■ Your task: Beneath this task are the entries; from the line with "1927 A Hangya" through the last one, transcribe every line exactly and nothing else, skipping pictures.

■ Task material:
----------------

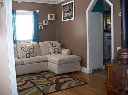 Beautiful, updated 3 bedroom with the possibility of a 4th bedroom on the first floor. Nice, hardwood floors throughout, open concept kitchen with ceramic tile floors that flow into the dining room and Freshly painted. Small, enclosed yard with good sized deck, perfect for grilling outside. Property is in excellent condition.
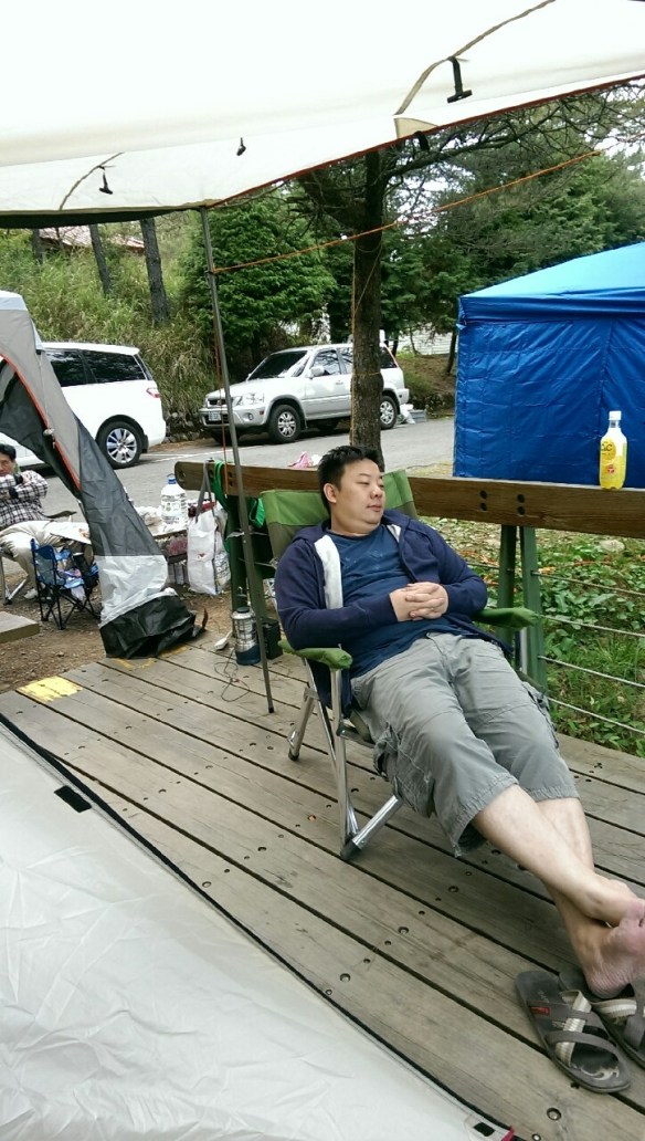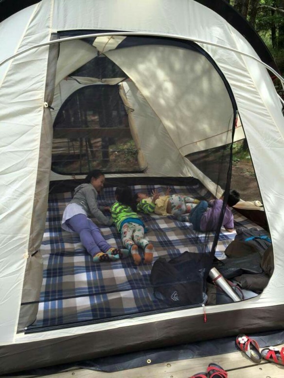 你看看有多幸福!! 搭個帳篷 還有四個人來幫忙…..
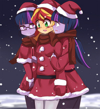 当暮光闪闪击败余晖烁烁时,魔法能量四溢,并引起了曾经被星璇驱逐到人类世界的三海妖的主意。EQG2中她们来到坎特拉高中,参与了音乐节,并且挑拨离间、控制人们。余晖通过以前在小马国的笔记本和暮光公主取得了联络。在主角们四分五裂之时,余晖烁烁将她们团结。在最后,六位主角与余晖烁烁一起使出了超越彩虹净化风暴的净化技能。从此新的主角偶像团体---M7诞生,余晖烁烁正式加入主角团队,成为彩虹音爆的吉他手。在这以后,夕晖经常用魔法笔记写信给暮光闪闪,并以朋友相称。
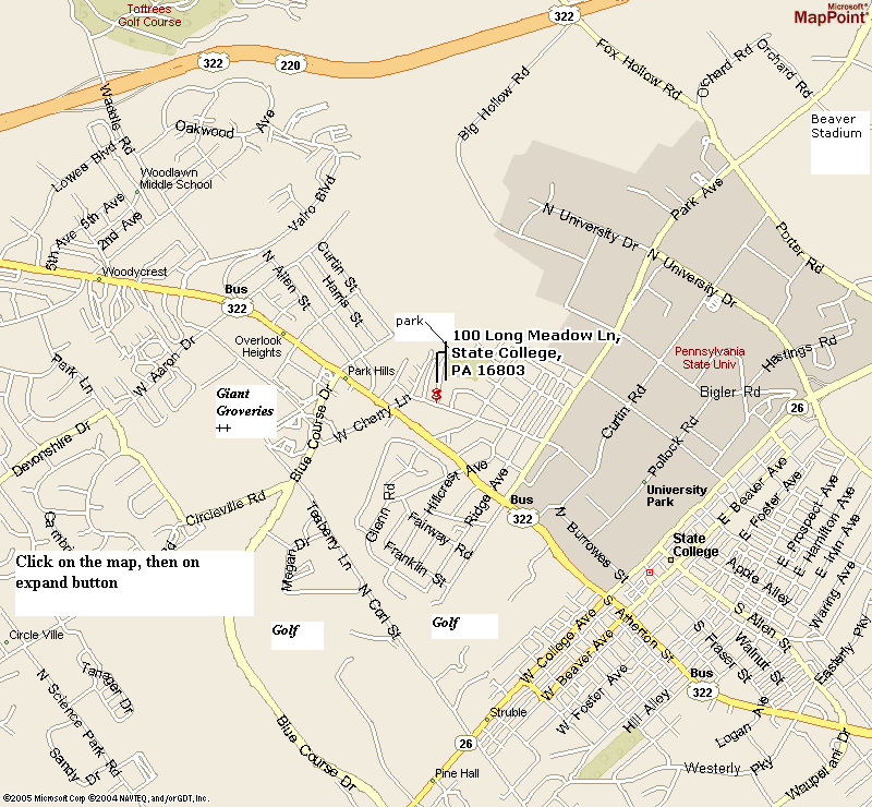 From North, head into State College on N. Atherton, going down hill look for T.J. Fridays on left, at next traffic light (a Blockbuster Video is on one corner, a gas station on another)  turn left, bear to right up N. Allen.  Longmeadow is the third street on the left.  The duplex is on the corner.
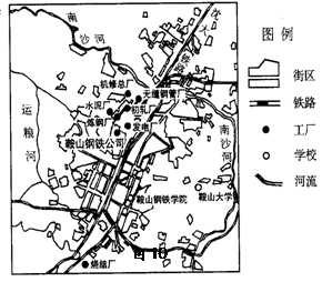 图10为鞍山市部分工业企业分布图。回答36-39题。
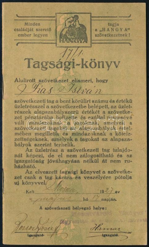 1927 A Hangya Szövetkezet tagsági könyve, Moson városi tag részére kiá... https://www.darabanth.com/de/366-Fernauktion/366.0/Kunst-Dokumente-andere-Sammelgebiete/Dokument~500017/1927-A-Hangya-Szovetkezet-tagsagi-konyve-Moson-varosi-tag-reszere-kiallitva-szep-allapot~II2120822
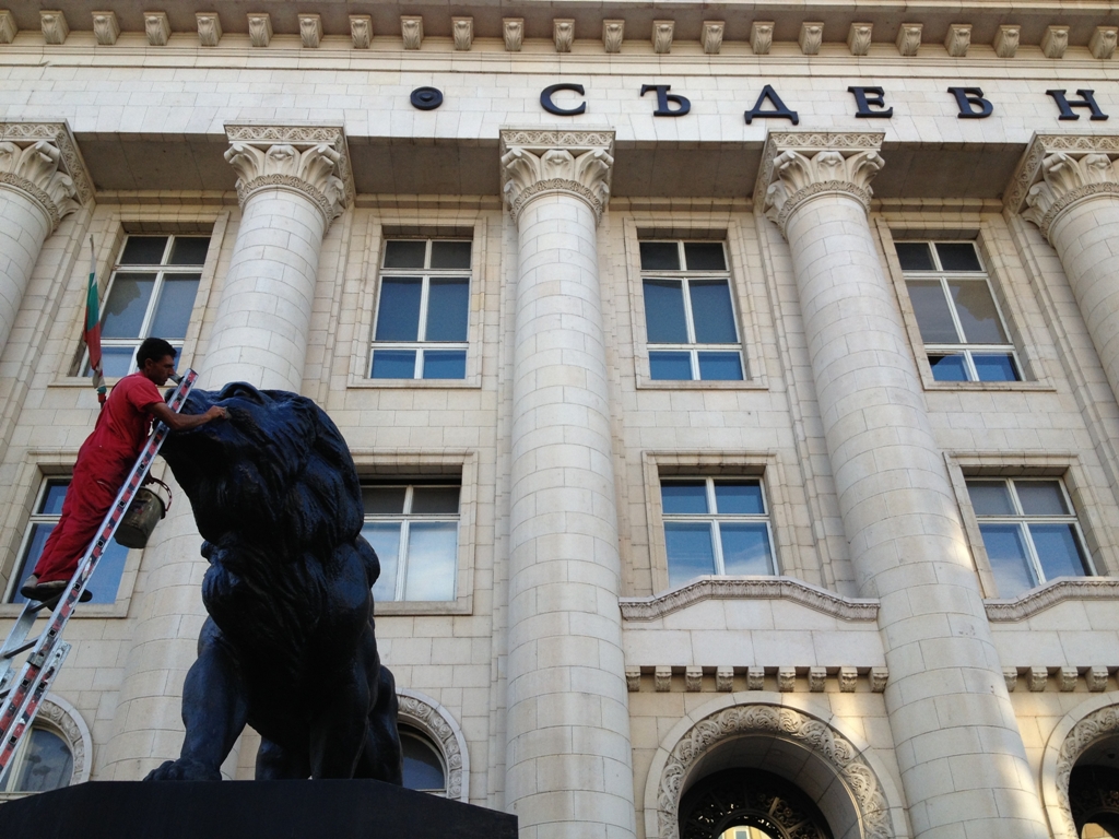 По-късно в следобедните часове лъвът пред Съдебната палата бе почистен.

----------------

■ Exercise result:
 1927 A Hangya Szövetkezet tagsági könyve, Moson városi tag részére kiá... https://www.darabanth.com/de/366-Fernauktion/366.0/Kunst-Dokumente-andere-Sammelgebiete/Dokument~500017/1927-A-Hangya-Szovetkezet-tagsagi-konyve-Moson-varosi-tag-reszere-kiallitva-szep-allapot~II2120822
 По-късно в следобедните часове лъвът пред Съдебната палата бе почистен.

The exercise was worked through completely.